Detecting, by the node of the network, the lifecycle event associated with the first flow may include receiving, by the node from a second node of a second network, a request message for state information of a first group of flows of the one or more groups. The first group of flows may be associated with the first flow based on at least one of: sharing a common path and being directed toward a destination address. The second network may be the same as or different from the network. Managing, by the node, a local cache based on the lifecycle event may include retrieving, by the node from the local cache, the state information of the first group of flows. The method may further include sending, by the node to the second node, a response message including the retrieved state information of the first group of flows.
Detecting, by the node of the network, the lifecycle event associated with the first flow may include receiving, by the node from a second node of a second network, a cache update message. The second network may be the same as or different from the network. The cache update message may indicate one of: an arrival of the first flow at the second node; a departure of the first flow from the second node; a transmission impairment event of the first flow; and an updated state information of a first group of flows of the one or more groups of flow. The first group of flows may be associated with the first flow based on at least one of: sharing a common path and being directed toward a destination address.
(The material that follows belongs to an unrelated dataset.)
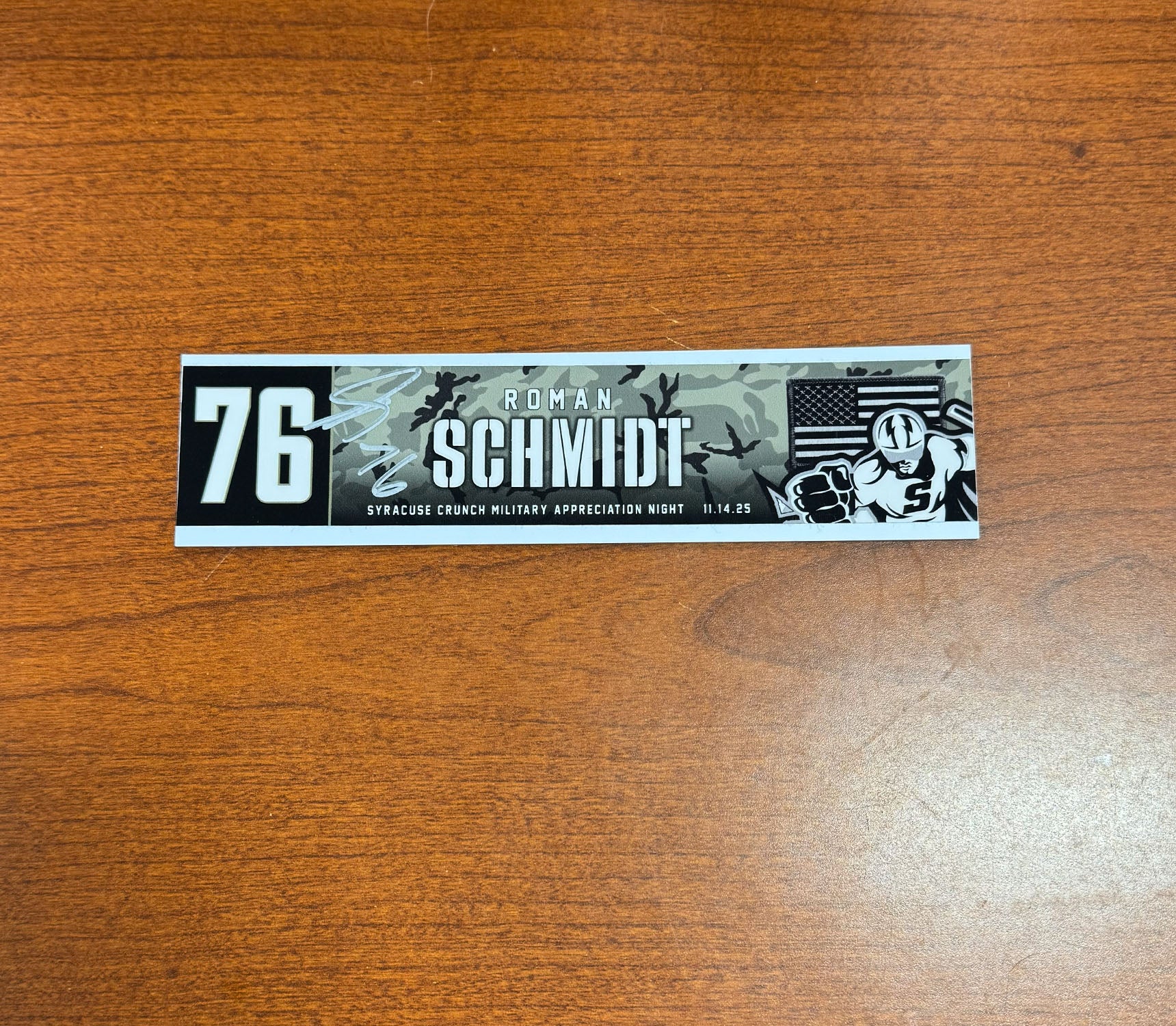 Signed #76 Roman Schmidt Military Appreciation Nameplate - November 14, 2025

Managing, by the node, a local cache based on the lifecycle event may include updating, by the node, the local cache based on the cache update message.
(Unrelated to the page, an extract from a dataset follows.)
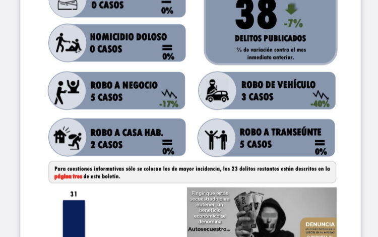De acuerdo con el documento, los atracos a la ciudadanía coinciden en el horario vespertino, mientras que los negocios más afectados en un 75% se trataron de las tiendas de conveniencia, tan solo en dicho mes, se registraron cinco robos a negocios, igual número a transeúntes, tres robos de automóviles y dos a casa habitación.
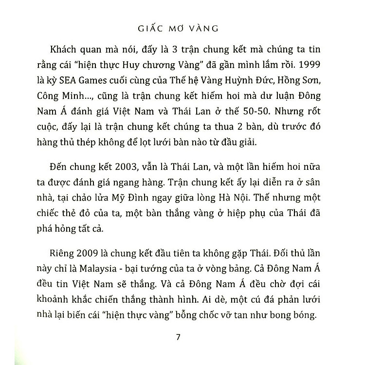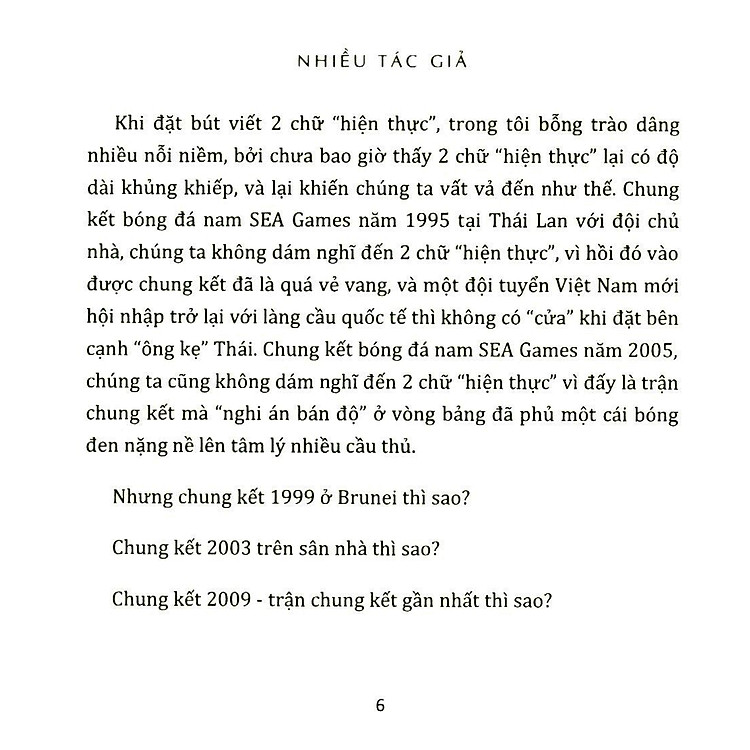 Khi đặt bút viết 2 chữ “hiện thực”, trong tôi bỗng trào dâng nhiều nỗi niềm, bởi chưa bao giờ thấy 2 chữ “hiện thực” lại có độ dài khủng khiếp, và lại khiến chúng ta vất vả đến như thế. Chung kết bóng đá nam SEA Games năm 1995 tại Thái Lan với đội chủ nhà, chúng ta đã không dám nghĩ đến 2 chữ “hiện thực”, vì hồi đó vào được chung kết đã là quá vẻ vang, và một đội tuyển Việt Nam mới hội nhập trở lại với làng cầu quốc tế thì không có “cửa” khi đặt bên cạnh “ông kẹ” Thái. Chung kết bóng đá nam SEA Games năm 2005, chúng ta cũng không dám nghĩ đến 2 chữ “hiện thực” vì đấy là trận chung kết mà “nghi án bán độ” ở vòng bảng đã phủ một cái bóng đen nặng nề lên tâm lý nhiều cầu thủ.”

Each of the request message and the response message may include a packet indicating one or more of: a source address, a destination address, a source port, a destination port, a length of the packet, a type of message, the one or more metrics of the first group of flows associated with the destination address, the destination address. Each of the request message and the response message may be communicated via a protocol for sharing the state information of the one or more groups of flows among the plurality of nodes of the network.
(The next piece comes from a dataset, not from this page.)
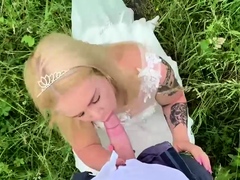 Blonde girl wanted to fuck in the woods and tastes the cum

The cache update message may include a packet 500 indicating one or more of: a source address, a destination address, a source port, a destination port, a length of the packet, a type of message, one or more metrics of the first group of flows associated with the destination address, the destination address. The cache update message may be communicated via a protocol for sharing the state information of the one or more groups of flows among the plurality of nodes of the network.
The state information for each group of flows of the one or more groups of flows may further include a last update time indicating a last time said the state information was updated. The one or more metrics may indicate one or more of: a congestion window (CWND) , a round-trip time (RTT) , a flow completion time (FCT) , a number of active flows, a number of early congestion notifications (ECN) , a number of packet drops. At least one of the one or more metrics may be an aggregated value of the one or more flows of said each group of flows.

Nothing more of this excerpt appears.